Our debt to GDP is higher now than even the peak of the 1930s and 1940s, during the last zenith of the debt super-cycle. Further, the consumer is at record loan to income, with credit card, mortgage, and auto loan balances surging in Q2. The American middle class simply cannot withstand more debt. They are consigned to walk a tightrope, on one side the perilous deflationary spiral, and the other the burning inferno of inflation. They must hike rates, but they can’t taper- they must get stocks to come down, but not too much- they must induce recession, but not depression. It is a virtually impossible task.

Fed officials walk this rope because they themselves created it- with the years of zero bound interest rates, infinite liquidity, and permanent bailout facilities such as Standing Repo, they created a sick, distorted version of our original financial system. The economic cognoscenti have opened the door into the Upside Down- a mirror dimension where nothing is quite as it seems.
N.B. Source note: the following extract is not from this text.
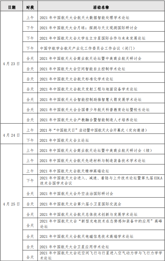 2021年中国航天大会拟于4月23-26日在江苏南京举办。大会将邀请国家相关主管部门、江苏省、军工集团、科研院所、航天企业和用户单位等的领导,以及知名专家学者共襄盛会,全面展示宇航前沿技术,深入探讨航天未来愿景,广泛推动世界航天领域的深度合作。现将大会有关情况预通知如下:
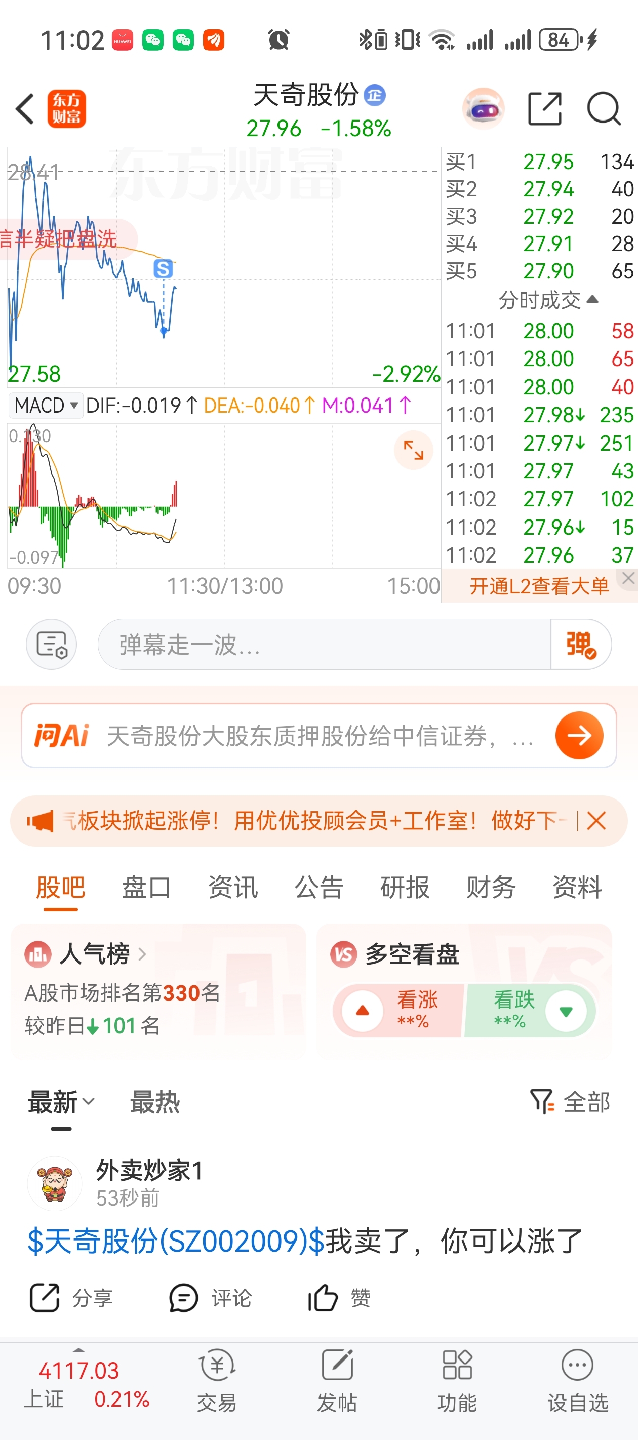 $天奇股份(SZ002009)$ 快来谢谢我

We’ve never traveled to this dimension at any other point in financial history – so we can’t even discern the difference between it and normalcy.

This is a strange place- where inflation bankrupts America while the Dollar soars on foreign exchange; markets rally as jobless claims rise; and the Almighty Fed is the only indicator to watch. Markets should be down 35% here and trending lower, CDS spreads should break out, credit markets should be in absolute bloodbath, and yet, here we are- markets are down, but not too much, inflation is “under control”, and the definition of recession itself is changing! (see this)

The governing elites meander around, oblivious to the danger that lies ahead.